As children we tend not to need other’s permission or approval to do something creative, to go for something that we want or feel we need to do. We have a unyielding confidence that paves the way for ultimate belief in our vision and skills at conveying and achieving its means ends.
Of course we also expect to be naturally praised for our efforts and heralded as the genius architects of our creation, I mean after all why wouldn’t we be?
At one point or another, however short or long lived, as a child you had the confidence to just go for whatever ideas came into your head without any doubt that you could or would fail and without a second thought that those around you would love it.
Yet as we come into our own in a world ready to riddle one with doubts we become ever more in need of approval and reassurance that we are doing well and not wasting our time.
What ever happened to just going with it and for it? With just doing?
Society is based on the pack mentality that can pray into the insecurities of wanting to fit in, to be loved, to be liked and accepted for who you are and what you provide. When one is a creative it can feel a lot like being lost at sea just waiting to be picked up by something, anything that will throw you a lifeline.
It can be a needy and thankless business. It is based in subjectivity after all, and not everyone is going to love your work, however it can seem so hard when you are just starting out to have anyone love or notice your work at all. To find your niche and fan-base, to find proof that you’re not just creating or – to borrow a phrase from Hemingway – bleeding into the void.
It can become all too consuming trying to find someone to “approve” of your work, to get it on a level that feels in and of itself satisfying.
I myself have had a hard go of it. When I started I was an unstoppable force, I had focus and confidence in what I was doing and how it would be received, I knew it was good, I knew it was worthwhile.

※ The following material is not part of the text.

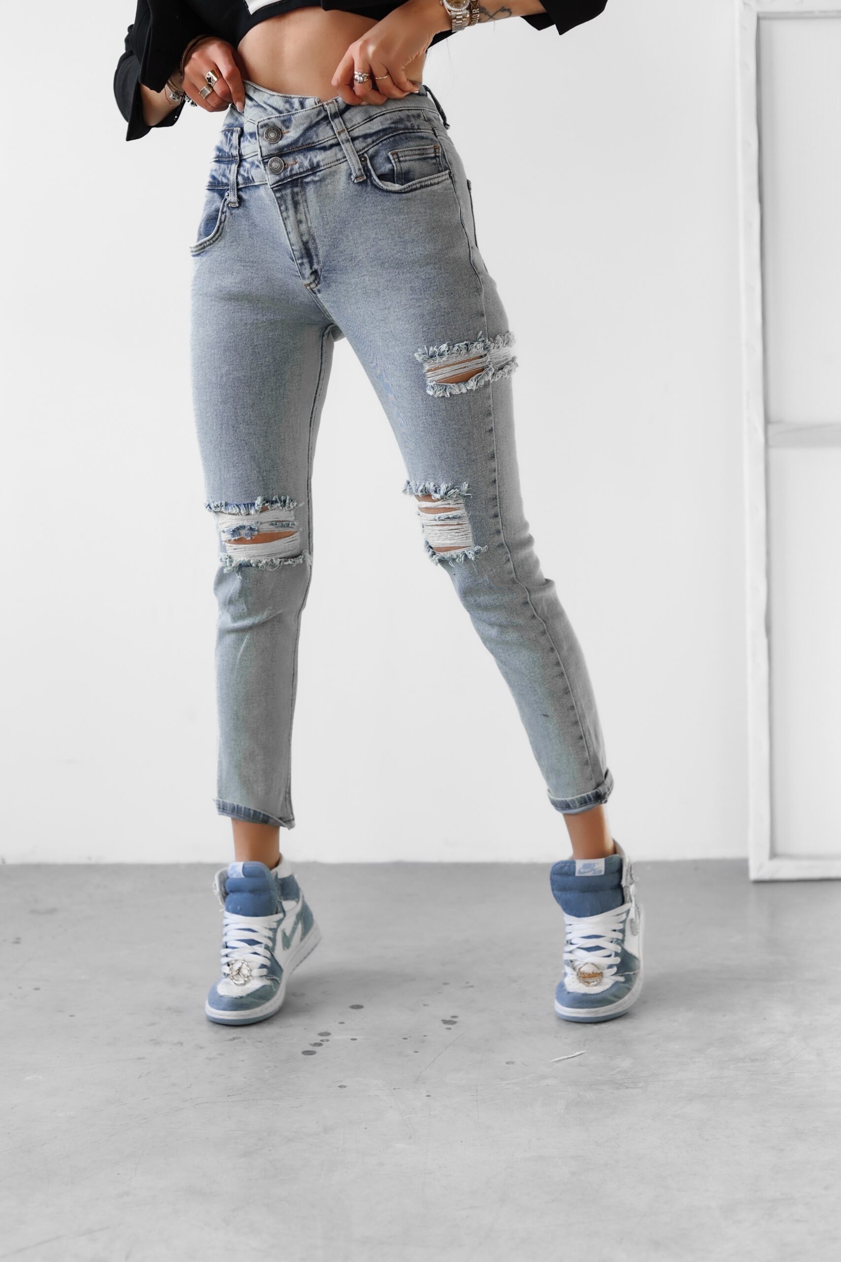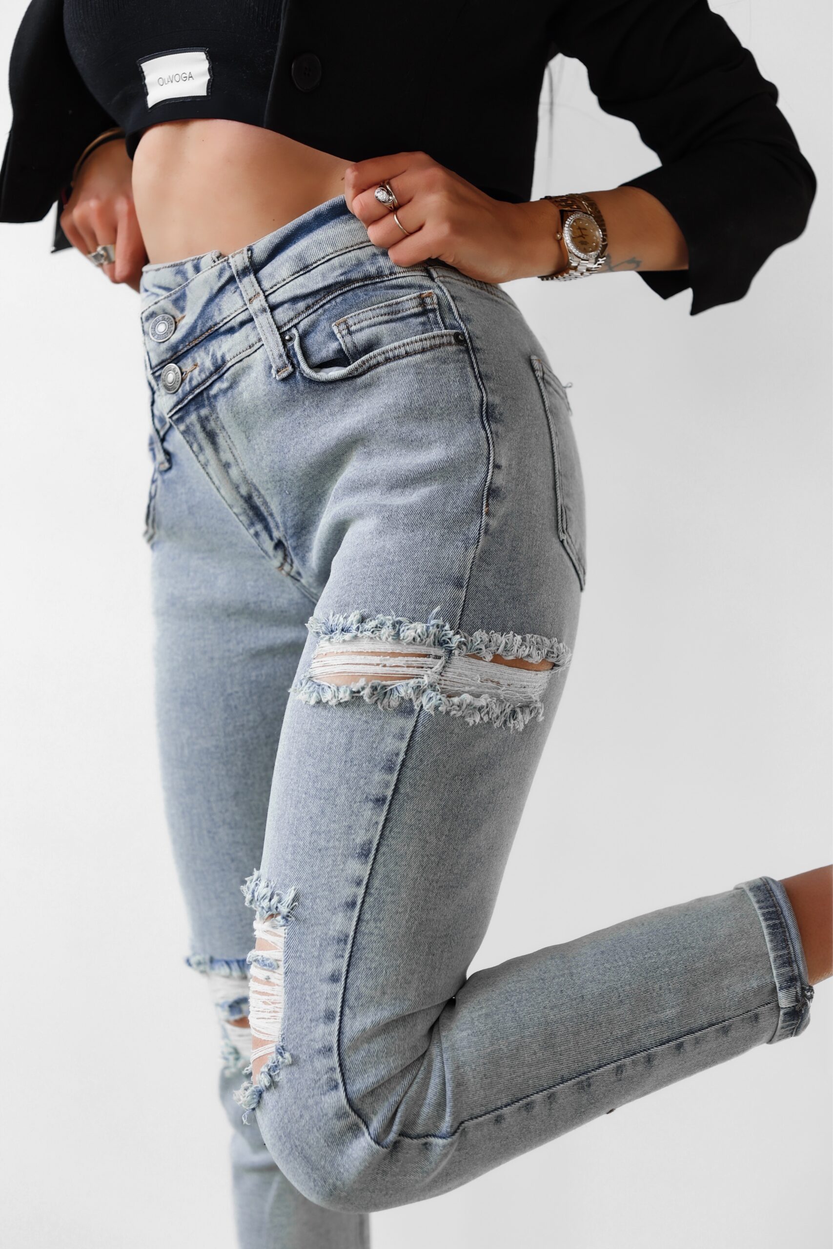 Idealnie przylegające jeansy. Wykonane z wysokiej jakości elastycznego, bawełnianego materiału. Z przodu jak i z tylu kieszenie. Logowany guzik. Skórzana naszywka na tyle produktu z logo marki OLAVOGA. Produkt posiada przetarcia. Przy pasie dodatkowy materiał.

Yet those around me merely viewed it with indifference, a fate worse then outright hate or judgment because at least with those you’re stirring an emotion, your provoking a reaction.
Time and time again to give someone my work and wait for them to read it until I eventually asked if they had gotten a chance to only to receive a simple “Oh, yeah, I did.” reply and that’s it!
Well suffice it to say it will eventually break your heart and have you questioning your souls work all together. Until all you seek is critique, is response to something you have poured so much of your time, effort and life into. You may even begin pandering. Began trying to prove to yourself that you can write “marketable” material. Can write more “mainstream”by following conventional standards and rules.
I’m not trying to be a snob here really, it’s not that my work is that “avant guard” or revolutionary, but it’s mine, in my style, my genre, my way. The thing is that I began to question my choices. Began to question my judgement and my skills so I tried to prove to myself my adaptability, tried to experiment in something that I could do that would sell so that I could support my true passion as a hobby.
That’s right, I designated what I loved to a hobby, all because I felt by failing to resonate with readers I was proving that my work had no audience, and a creator without an audience is somewhat a creator without a purpose.
We don’t just create because we can but because we want to share, we yearn to share that which is our souls desire, the thing that makes us happiest with something greater then ourselves as a means to provide it for other people, as a means to spark life into others with that which sparked life into us. When you love so much of what you do you don’t want to be alone with it you want to express with it! And expression is all about the directly and distinctly stated. If what you are doing repeatedly gets lost so too do you.
It can be a hard thing to find your way back home once lost, once permeated by doubt and fear. Suddenly your energies get fractured and frantic, you stop creating with the precision and ease that was once at your command. Suddenly the things you have created seem tainted by the lack you perceive in yourself. You suddenly start approaching your own work with the same indifference, only this indifference it is laced with the disdain you feel for it, for the lackluster, for the fault.
When one waste too much time on reception they lose their power of conception. It becomes a hard cycle to break. Once you are effected so too is your work, so even if you go on creating your need for approval will leak through and your disheartened perception will lead to even more discouraging reception.
You will build it up in your head as something you need in order to proceed but unfortunately you can’t receive unless you proceed, unless you accept the time it takes to build a presence and find your audience.
If you want to know where your heart is…look to where your mind goes when it wonders. – Vi Keeland
This means something, don’t ignore where your mind goes to be happy, what you do to feel whole. Even if, for now, it’s solitary company. Because in the end yours is the opinion that truly matters. If you are what you do then do, for god’s sake, indifference, demoralizing, haters be damned!
Because if you believe so too will others even if it has to be eventually. You can’t expect respect if first you don’t respect yourself. You can’t expect love if you don’t first love yourself. Lead by example.
If you build it they will come, but you have to continue to build! You have to first be able to clap for yourself, high five your ass in public and stay true to the confidence that led you to begin in the first place.
You’re awesome,, let the world know it, but let yourself know it first!